DATA UNDER STUDY:
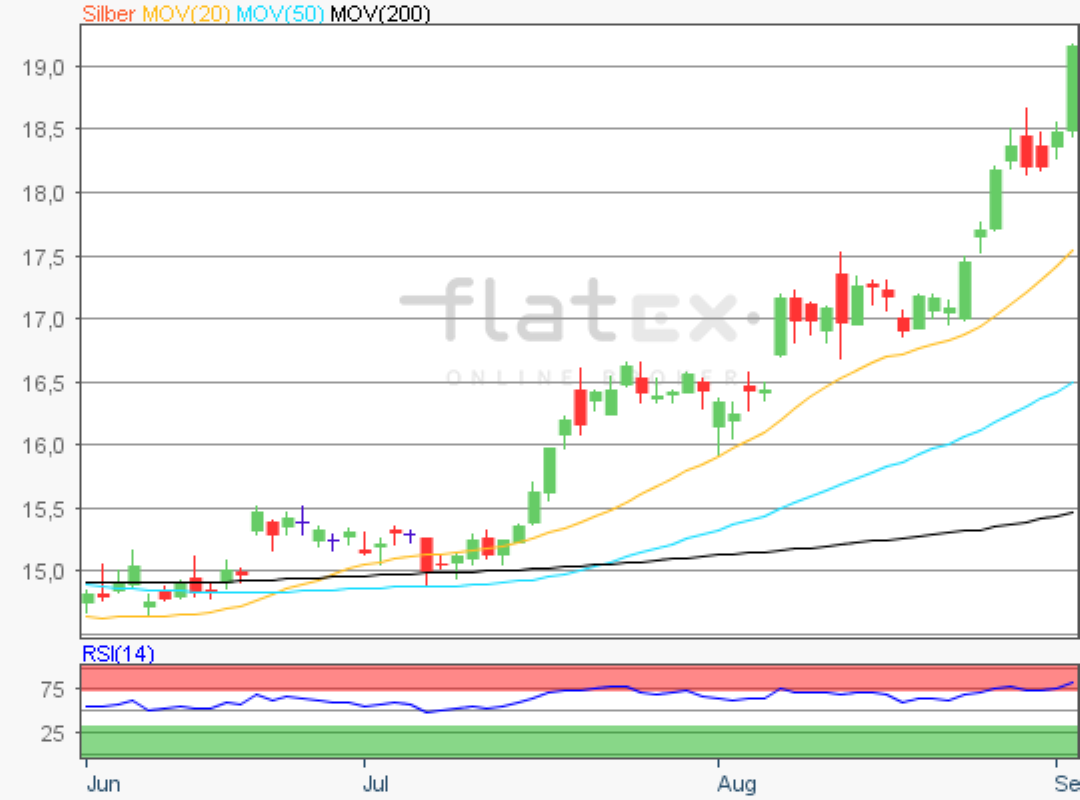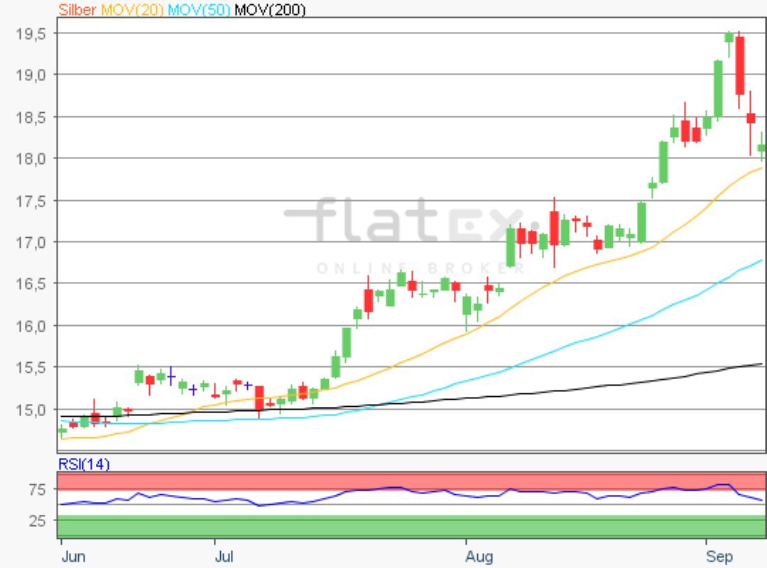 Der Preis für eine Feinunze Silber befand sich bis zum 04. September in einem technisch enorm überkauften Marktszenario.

--

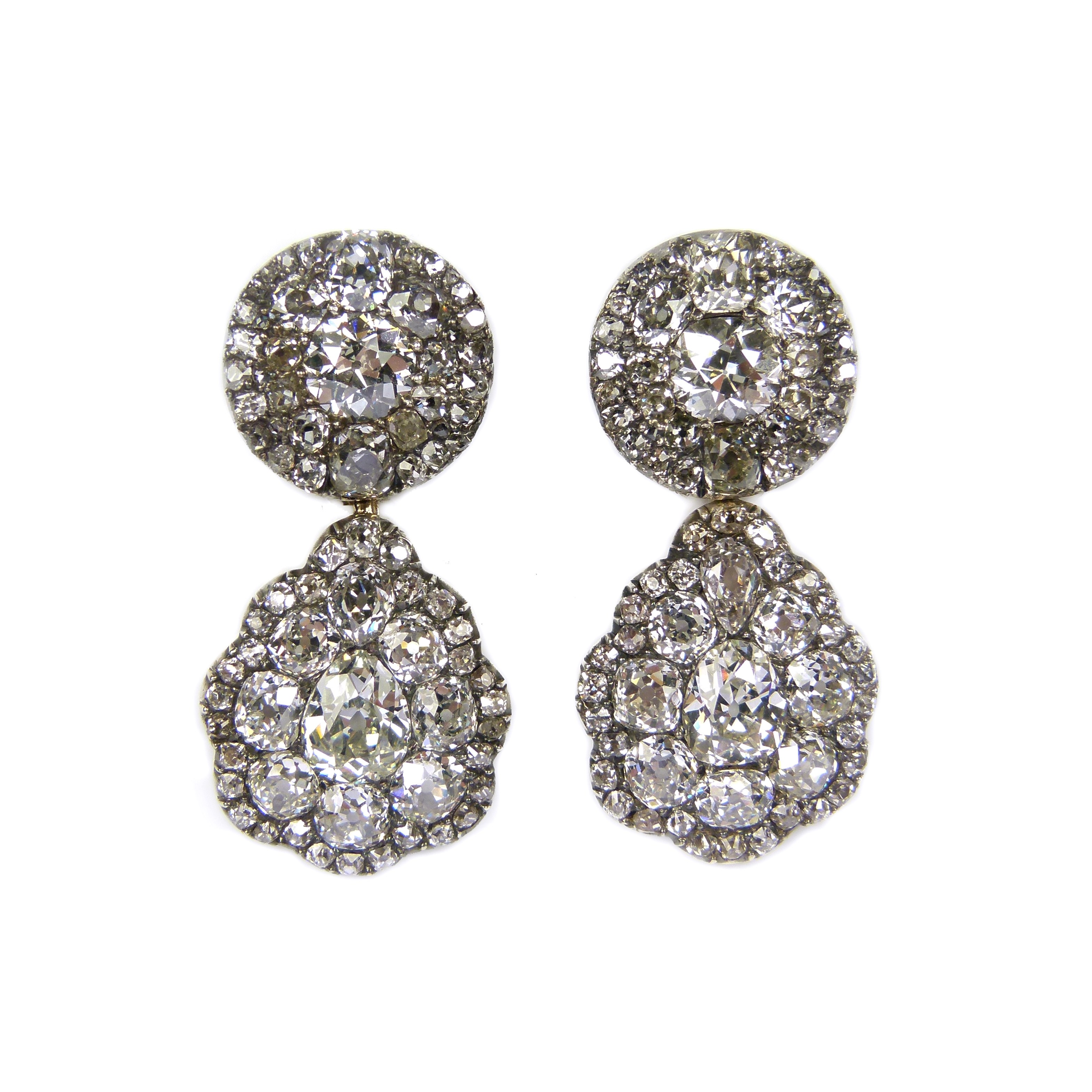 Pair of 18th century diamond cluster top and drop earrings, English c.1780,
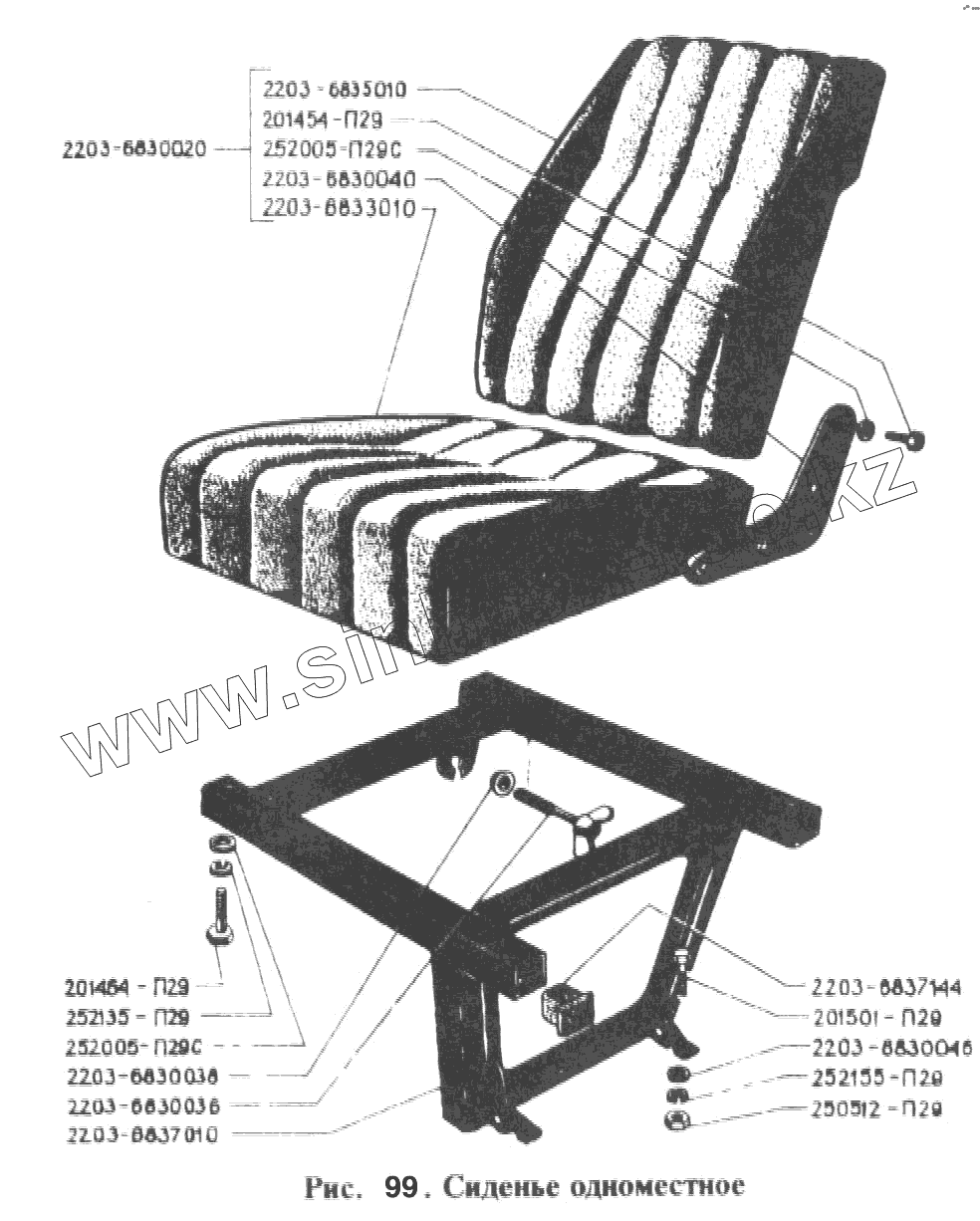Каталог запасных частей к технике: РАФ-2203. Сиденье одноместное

* * *

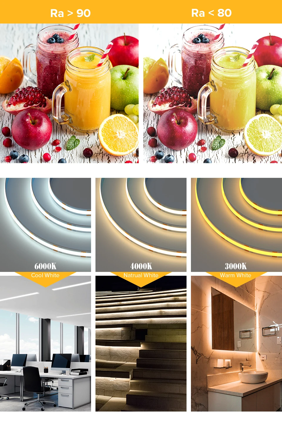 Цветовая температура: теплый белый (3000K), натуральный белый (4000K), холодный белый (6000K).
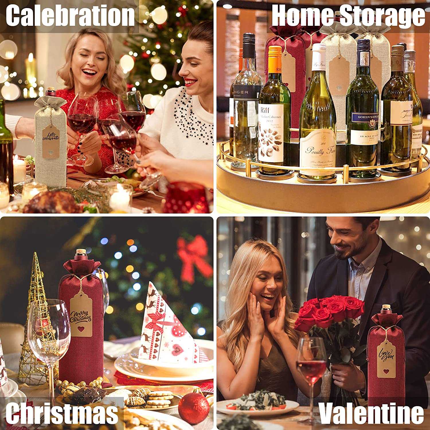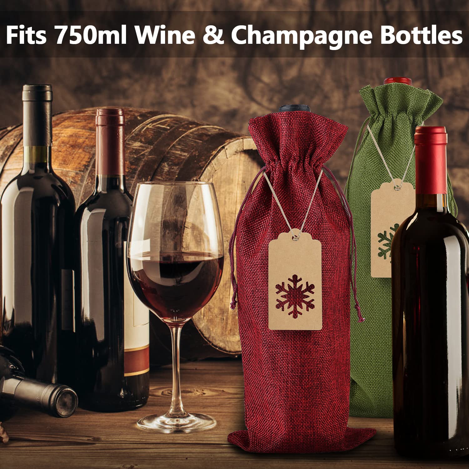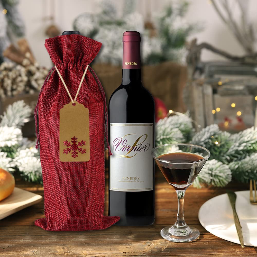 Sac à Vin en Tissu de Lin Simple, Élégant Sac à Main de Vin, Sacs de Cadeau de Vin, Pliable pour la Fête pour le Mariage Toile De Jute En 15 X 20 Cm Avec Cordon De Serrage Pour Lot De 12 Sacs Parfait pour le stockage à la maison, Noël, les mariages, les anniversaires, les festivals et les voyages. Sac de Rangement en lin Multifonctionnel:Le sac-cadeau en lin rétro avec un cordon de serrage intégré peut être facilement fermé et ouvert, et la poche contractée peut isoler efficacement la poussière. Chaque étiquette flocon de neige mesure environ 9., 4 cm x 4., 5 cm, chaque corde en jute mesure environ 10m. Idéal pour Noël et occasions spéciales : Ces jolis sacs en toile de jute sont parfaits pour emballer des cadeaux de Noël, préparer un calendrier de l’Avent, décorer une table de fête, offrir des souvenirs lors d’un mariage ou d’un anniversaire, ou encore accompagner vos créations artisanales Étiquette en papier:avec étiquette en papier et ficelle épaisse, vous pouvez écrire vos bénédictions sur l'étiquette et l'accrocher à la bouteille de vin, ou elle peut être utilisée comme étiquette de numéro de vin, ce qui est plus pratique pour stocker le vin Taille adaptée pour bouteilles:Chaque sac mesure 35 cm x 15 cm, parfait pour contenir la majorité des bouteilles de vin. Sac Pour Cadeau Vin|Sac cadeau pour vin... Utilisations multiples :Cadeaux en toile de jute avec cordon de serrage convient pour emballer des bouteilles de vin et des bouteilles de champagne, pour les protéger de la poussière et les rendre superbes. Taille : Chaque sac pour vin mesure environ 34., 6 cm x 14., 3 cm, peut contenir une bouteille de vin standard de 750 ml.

EXERCISE DIRECTIONS:
"Pair of 18th" marks the first line to copy, and "Каталог запасных частей" marks the last. Repeat that stretch above exactly, with no pictures.

YOUR RESPONSE:
 Pair of 18th century diamond cluster top and drop earrings, English c.1780,
Каталог запасных частей к технике: РАФ-2203. Сиденье одноместное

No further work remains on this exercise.